Asturias, ante el reto de reciclar el 50%

Una vecina de La Felguera utiliza los contenedores de reciclaje instalados en Langreo. / JUAN CARLOS ROMÁN
Una vecina de La Felguera utiliza los contenedores de reciclaje instalados en Langreo. / JUAN CARLOS ROMÁN

En 2020 debe cumplir la directiva de la UE sobre residuos domésticos, pero aún está al 33% | El Parlamento Europeo indica que solo Alemania, Austria, Bélgica, Países Bajos y Suecia superan actualmente el objetivo

MARCO MENÉNDEZ GIJÓN.

En 2020, todos los países de la Unión Europea deberán reciclar el 50% de los residuos domésticos. Pero según datos del Parlamento Europeo, ahora solo cumplen con ese requisito Alemania, Austria, Bélgica, Países Bajos y Suecia. España está en el 33%, un porcentaje prácticamente idéntico al del Principado de Asturias, si bien algunas fuentes, como Foro, indican que en la región solo se recicla el 11,17% de los residuos domésticos.
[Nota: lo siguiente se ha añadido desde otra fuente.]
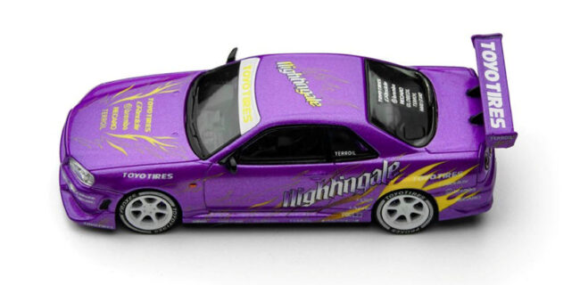 ** UPDATE ** We have the 1:64 Beetle RS Concept in White iAcro to share. This replica will arrive in January 2026. And we also added the 1:64 Skyline GT-R R34 “Drifting Flames” in Purple – this one due in April 2026.
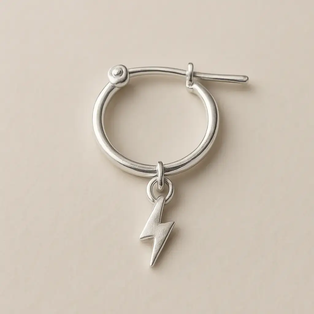 Adicione um toque de energia e modernidade ao seu visual com a Argolinha Raio da Lola Pratas. Perfeita para quem busca um acessório discreto, mas cheio de personalidade, esta argolinha apresenta um charmoso pingente em formato de raio. Confeccionada em prata de alta qualidade, é leve e confortável para uso diário, ideal para o primeiro ou segundo furo. Uma peça versátil que combina com diversos estilos, do casual ao mais ousado, e que certamente fará você brilhar.
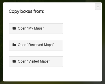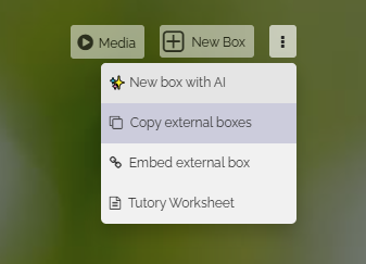 To copy boxes from other maps, click on the three dots to the right of the “New Box” button. A dropdown menu will open. Select “Copy external boxes” there.
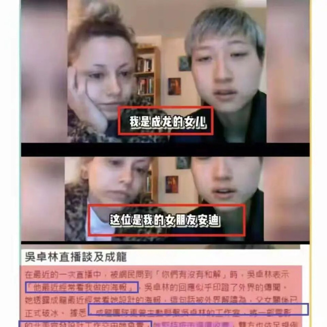 就在成龙努力修复和儿子关系的同时,另一段更为复杂、冰冻了更久的亲情,也开始悄然融化。 那就是他和女儿吴卓林之间,长达二十六年的僵局。 吴卓林是成龙和吴绮莉的女儿,1999年出生,从落地起就被贴上“私生女”的标签。 她的成长充满坎坷,被同学孤立,青春期与母亲关系紧张,甚至曾报警处理家庭纠纷。
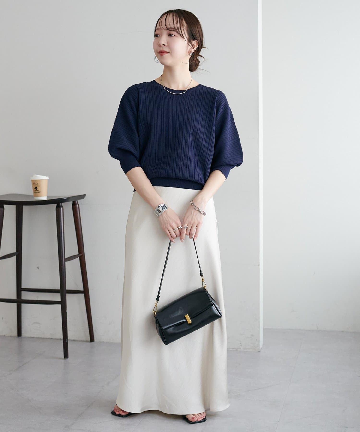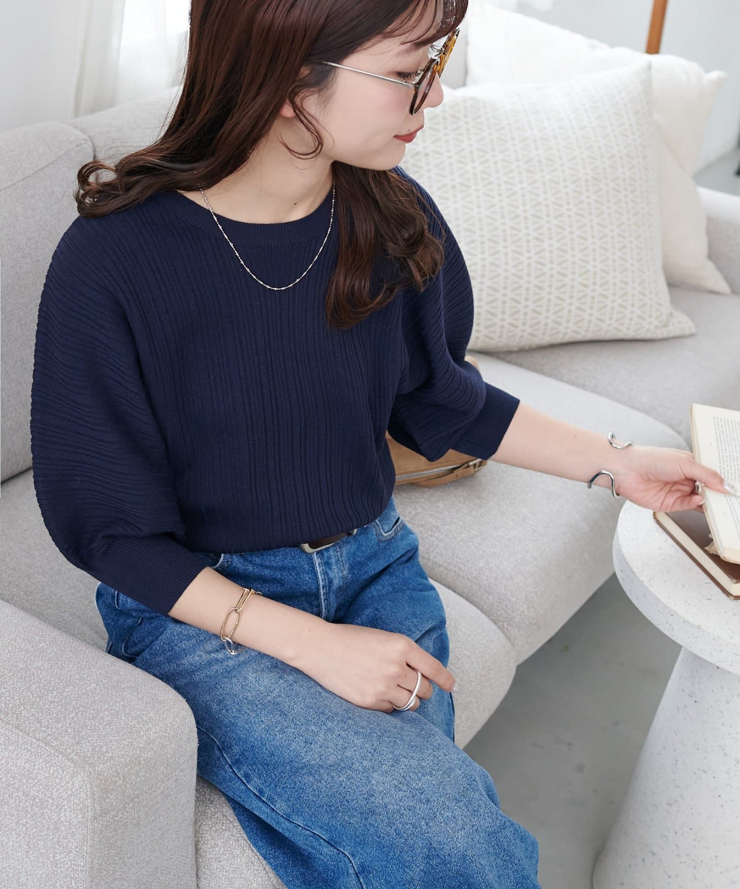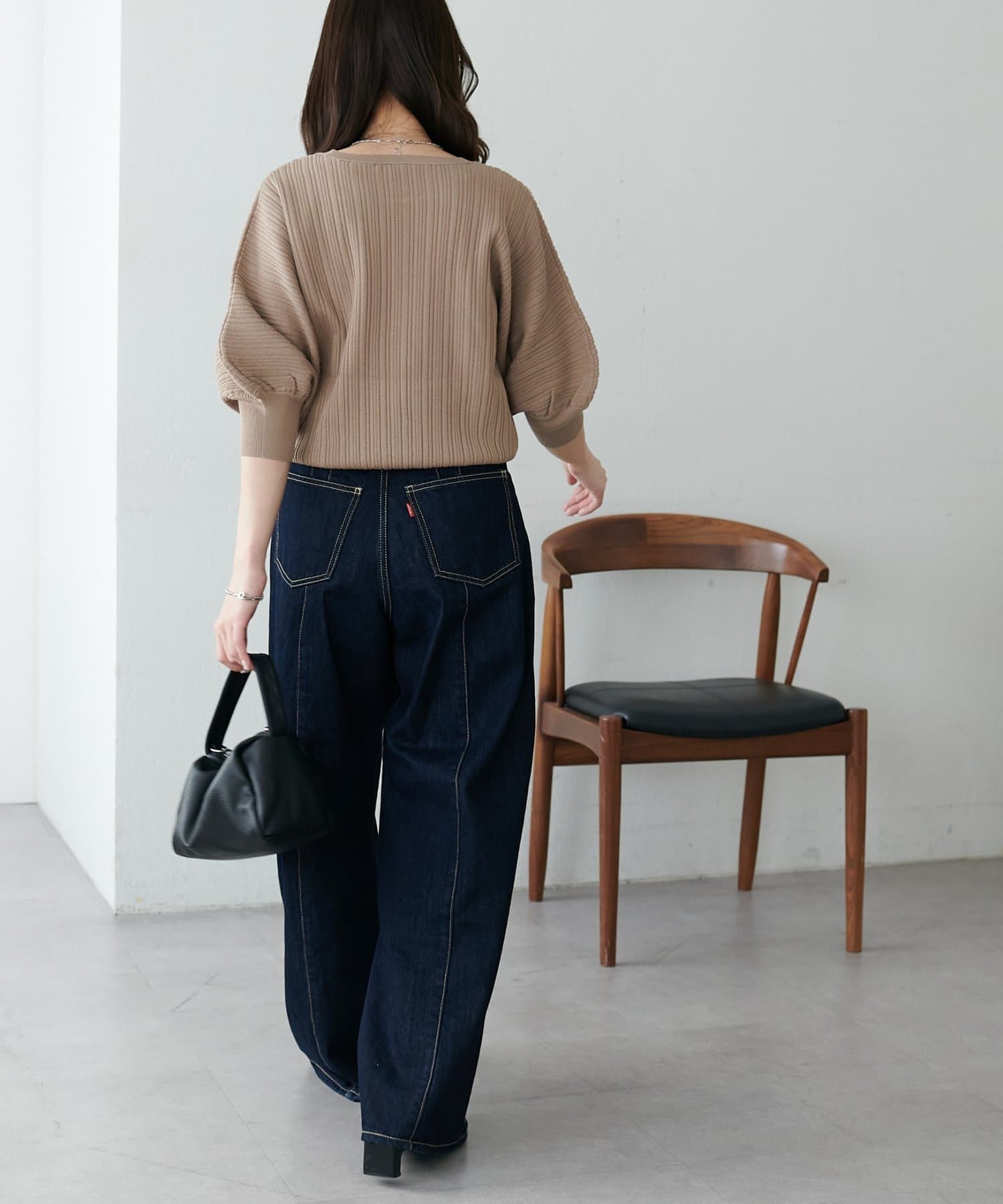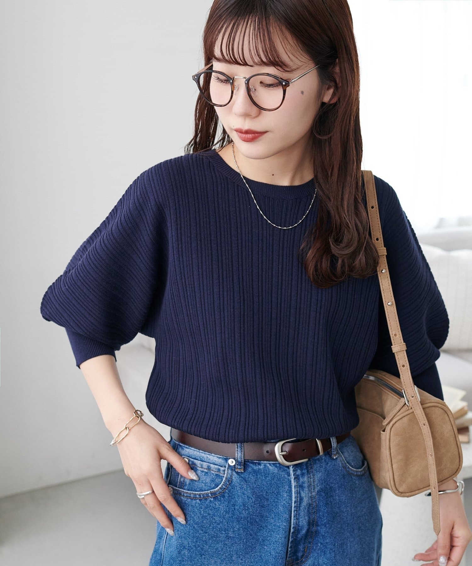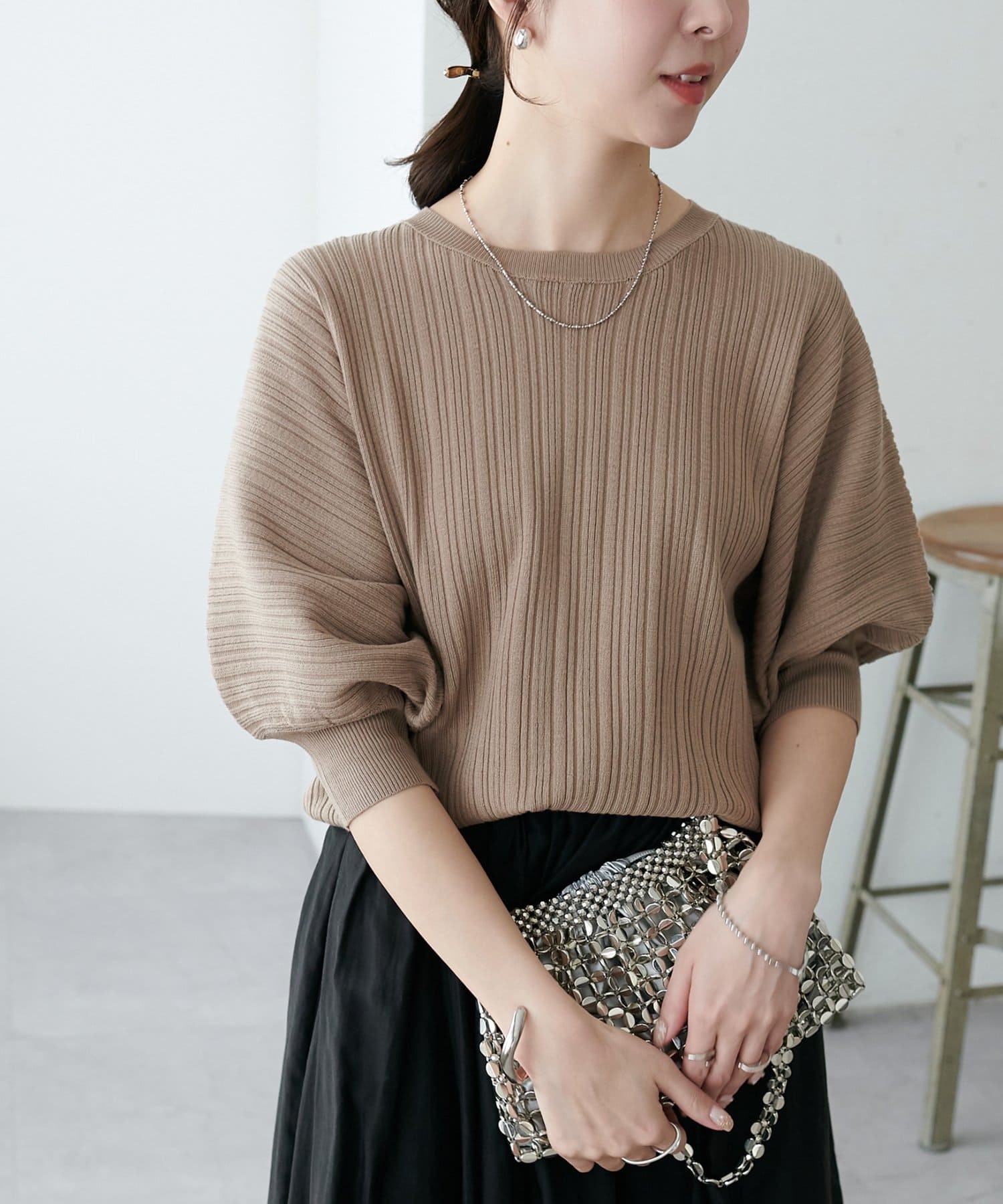 【WEB限定】ランダムリブボリュームスリーブ半袖ニット
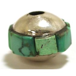 Navajo Green Turquoise Inlay Sterling Silver Pendant - Edison Yazzie Measures 1/2" tall by 5/8" wide including bale. Hole going through ...
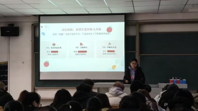 为助力学生探索自我优势、提升职场适应力,引导学生在未来职业发展中实现个性与岗位的精准匹配,12月10日淬炼商学院·国际商学院武赟老师于2号教学楼101教室举办辅导员说完满活动——“当完满人格撞上职场适配”。本次活动通过趣味互动、案例分析、策略指导等形式,将抽象的职场理论转化为生动易懂的“自我探索与职业定位指南”,在场同学积极参与,在轻松愉快的氛围中学习如何认知自我、理解他人、优化职业选择,为未来的职场发展奠定基础。
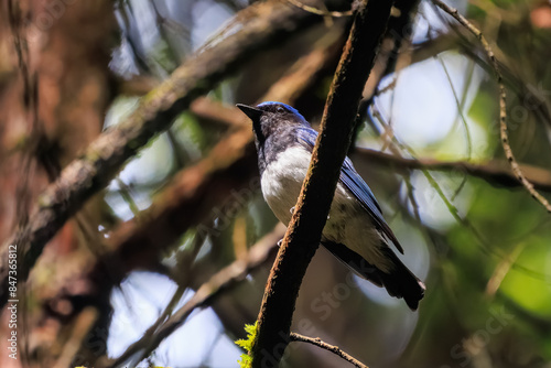 © d3_plus, Naklejka premium 新緑の中、大きく美しい声でさえずる美しいオオルリ(ヒタキ科)。日本国東京都あきる野市、日の出山登山道他。 2024年6月撮影。The beautiful Blue-and-white Flycatcher (Cyanoptila cyanomelana) chirp loudly and beautifully in the fresh green.
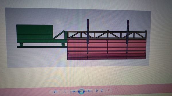 結構∶液壓驅動自行式移動棧橋,主要由前橋、主橋、后橋、前段支架、后段支架、行走驅動裝置、行走支架七個部分組成。
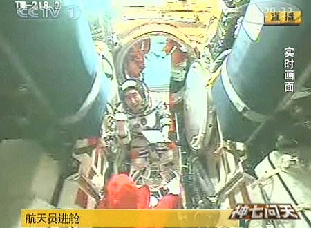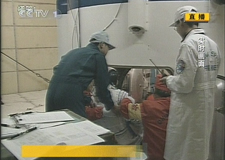 25日18時(shí)25分許,神舟七號(hào)三名航天員陸續(xù)進(jìn)艙。第一名進(jìn)艙的是景海鵬,第二名進(jìn)艙的是劉伯明,最后,指令長(zhǎng)翟志剛也開(kāi)始進(jìn)入。
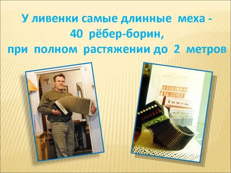 Слайд 14. У ливенки самые длинные меха. Если у других гармошек рёбер-борин 13-14, то у ливенки - 40. Такую гармошку можно буквально обмотать вокруг себя, т.к. при полном растяжении мехов ее длина достигает двух метров.
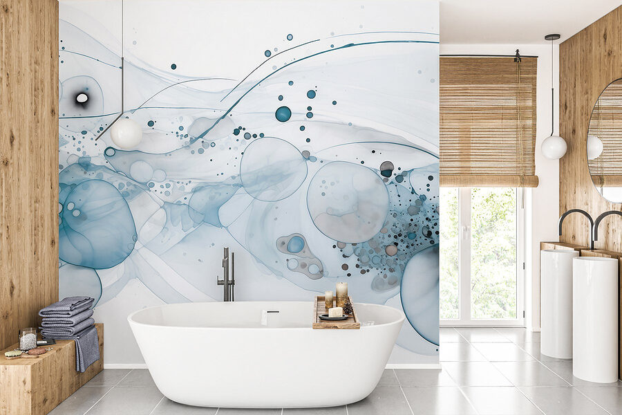 Transforme su espacio en una escapada de ensueño con “Olas etéreas de colores apagados”. Este mural susurra tranquilidad, salpicando azules suaves y grises suaves por la pared como un mar en calma en un día de brisa. Imagínese despertarse y ver esta belleza fluida cada mañana: es como tener una obra de arte serena que se mueve con la luz.
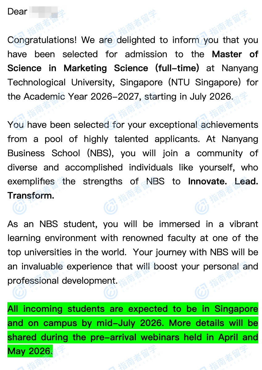 南洋理工大学市场营销学理学硕士研究生offer一枚
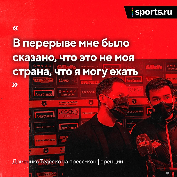 Тедеско и в первом тайме апеллировал к скамейке «Сочи», а второй провел совсем на взводе. Видимо, поэтому после матча снова пошла путаница в показаниях.

Lo cierto es que el sitio de internet del Consorcio para la Gestión de los Residuos Sólidos en Asturias (Cogersa) no indica un porcentaje de reciclaje sobre el total de basuras generadas en los domicilios asturianos, sino que habla de kilos por habitante y año. Así, según sus datos, cada asturiano recicló en 2016 un total de 47,44 kilos de papel, cartón, vidrio y envases ligeros. Los municipios que más empeño ponen en esta práctica son los de Gijón, Navia, Sobrescobio, Santo Adriano, Caravia y Oviedo, mientras que a la cola se sitúan Degaña, Cangas del Narcea, San Martín de Oscos, Allande e Ibias. La diferencia entre el concejo que más recicla y el que menos es abrumadora, pues cada gijonés lo hace con más de 60 kilos, mientras que los ibienses solo llegan a los 4,83. Los datos generales reflejan que en el Principado se reciclan 23.034 toneladas de papel y cartón, 15.728 de vidrio y 10.867 de envases.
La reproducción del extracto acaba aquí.